Of course at the corner of the street he had to go. “Till next time!” he murmured. And fire came out of his eyes and lighted in Sophia’s lovely head those lamps which Mrs. Baines was mercifully spared from seeing. And he had shaken hands and raised his hat. Imagine a god raising his hat! And he went off on two legs, precisely like a dashing little commercial traveller.
And, escorted by the equivocal Angel of Eclipses, she had turned into King Street, and arranged her face, and courageously met her mother. Her mother had not at first perceived the unusual; for mothers, despite their reputation to the contrary, really are the blindest creatures. Sophia, the naive ninny, had actually supposed that her walking along a hundred yards of pavement with a god by her side was not going to excite remark! What a delusion! It is true, certainly, that no one saw the god by direct vision. But Sophia’s cheeks, Sophia’s eyes, the curve of Sophia’s neck as her soul yearned towards the soul of the god—these phenomena were immeasurably more notable than Sophia guessed. An account of them, in a modified form to respect Mrs. Baines’s notorious dignity, had healed the mother of her blindness and led to that characteristic protest from her, “I shall be glad if you will not walk about the streets with young men,” etc.
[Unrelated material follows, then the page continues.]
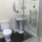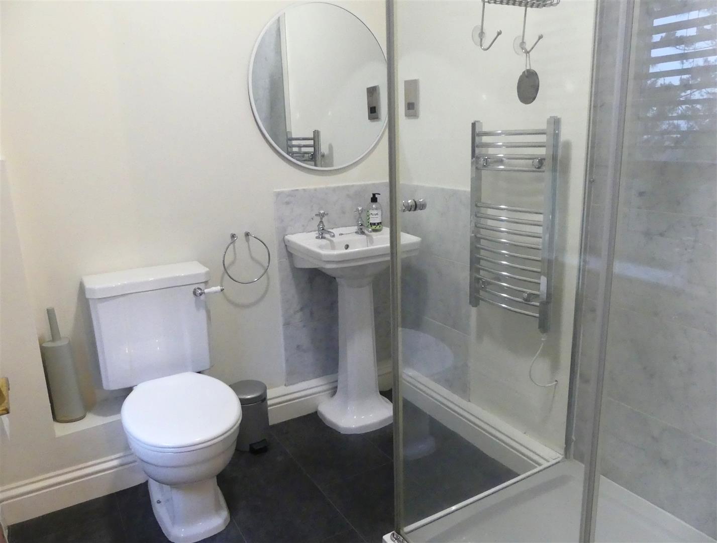 Fitted with a large walk in shower enclosure, pedestal wash basin and low suite w.c. There is also a shaver point, radiator, heated towel rail, extractor fan, coving and a window to the side elevation.

When the period came for the reappearance of Mr. Scales, Mrs. Baines outlined a plan, and when the circular announcing the exact time of his arrival was dropped into the letter-box, she formulated the plan in detail. In the first place, she was determined to be indisposed and invisible herself, so that Mr. Scales might be foiled in any possible design to renew social relations in the parlour. In the second place, she flattered Constance with a single hint—oh, the vaguest and briefest!—and Constance understood that she was not to quit the shop on the appointed morning. In the third place, she invented a way of explaining to Mr. Povey that the approaching advent of Gerald Scales must not be mentioned. And in the fourth place, she deliberately made appointments for Sophia with two millinery customers in the showroom, so that Sophia might be imprisoned in the showroom.
Having thus left nothing to chance, she told herself that she was a foolish woman full of nonsense. But this did not prevent her from putting her lips together firmly and resolving that Mr. Scales should have no finger in the pie of her family. She had acquired information concerning Mr. Scales, at secondhand, from Lawyer Pratt. More than this, she posed the question in a broader form—why should a young girl be permitted any interest in any young man whatsoever? The everlasting purpose had made use of Mrs. Baines and cast her off, and,, like most persons in a similar situation, she was, unconsciously and quite honestly, at odds with the everlasting purpose.